Decido llevarme un segundo libro. En el muro de enfrente se expone la literatura internacional, y a mano izquierda una sección de teatro y poesía. Hojeo un Doctor Faustus de Mann de la editorial Edhasa, por tres euros. Aunque conservo aún fresca su relectura, no me decido a llevármelo. Por lo demás, el resto de estantes no concita mi interés en demasía. En la sección de teatro hay algunas ofertas interesantes, pero uno no puede adquirirlo todo, con el agravante de que quizá sean obras que nunca se lean. En la compra de un libro influye en gran medida la corazonada. Esto acaso fue lo que me ocurrió al entresacar el volumen de entre el maremagno de títulos banales de poesía. Se trataba de una segunda edición del Memorial de isla Negra, de Neruda. Vacilé en un principio, pero decidí con este ejemplar dar por zanjada la compra del día.

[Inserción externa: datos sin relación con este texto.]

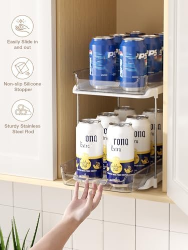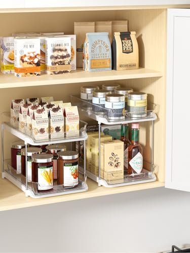 Stackable Pantry Storage Organizer: What sets this pull out cabinet organizer apart is that you can stack 3 at a time according to space needs, which means it is a must-have space saver! it is very useful for organizing to hold spice jars, medicines bottles, beverages, canned goods, grab-and-go snacks, and even a variety of health/beauty aides, and small items.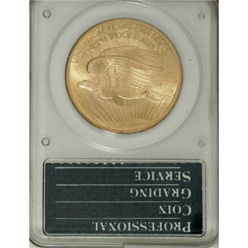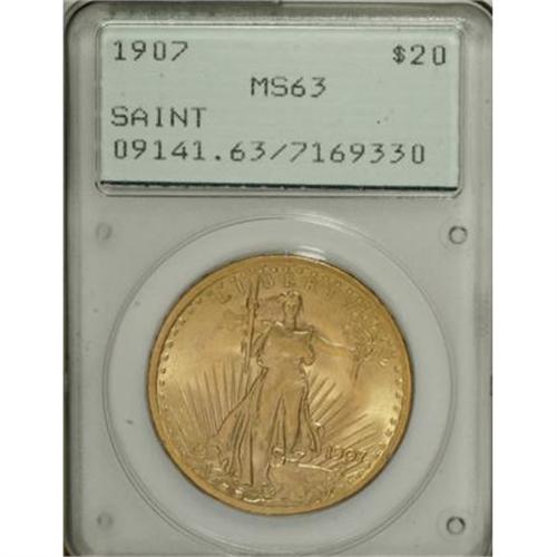 <B>1907 $20 Arabic Numerals MS63 PCGS.</B></I> This first-year example displays lovely, shimmering luster and enticing lime-gold and rose coloration. The matte-like surfaces are carefully preserved and minimally marked for the Select Mint State level. Liberty's legs, torso, and face are softly struck, limiting the grade. Housed in a first-generation PCGS holder. <BR><BR><B>Coin Engraver:</B> Augustus Saint-Gaudens<BR><BR><b>Shipping:</b> Coins & Currency (<a target="_blank" href="http://www.heritageauctions.com/common/shipping.php">view shipping information</a>)

Nada más llegar a casa leí alguno de sus poemas. Me agradó reconocer en ellos al Neruda hondo y apasionado de sus mejores libros. Entre los poemas, uno dedicado a Josie Bliss, ese romance que derramó la tinta más sangrienta, sensual y proscrita de la poesía del siglo XX. Al volver una de las páginas, no puedo evitar la sorpresa: encuentro unos pétalos mustios, prensados entre las hojas del poema titulado Poesía. Ignoro quién los colocaría allí, pero sería seguramente guiado por el numen de la poética. Cosas así, verdaderamente impactan, porque nos recuerdan que sobre las letras del texto hubo un sentimiento. Aunque siempre creí que era sobre las páginas de las rimas de Bécquer donde se depositaban tales ofrendas, consuela reconocer que la poesía quienquiera que la escriba estremece la médula del más impensado lector. Como mi fuerte no es la botánica, no sabría precisar en concreto a qué tipo de flor corresponden tales pétalos.
Hoy sábado, ya con una perspectiva distinta, parece que he pretendido resarcirme. Compro una biografía de Hemingway por Anthony Burgess. Todo un soplo de aire fresco para volver a poner los pies sobre la realidad. Con Hemingway la literatura comenzó a llamar al pan, pan y al vino, vino, aunque a día de hoy semejantes presupuestos se han desvirtuado, reconociéndose los tales en el mendrugo rancio y el mosto avinagrado.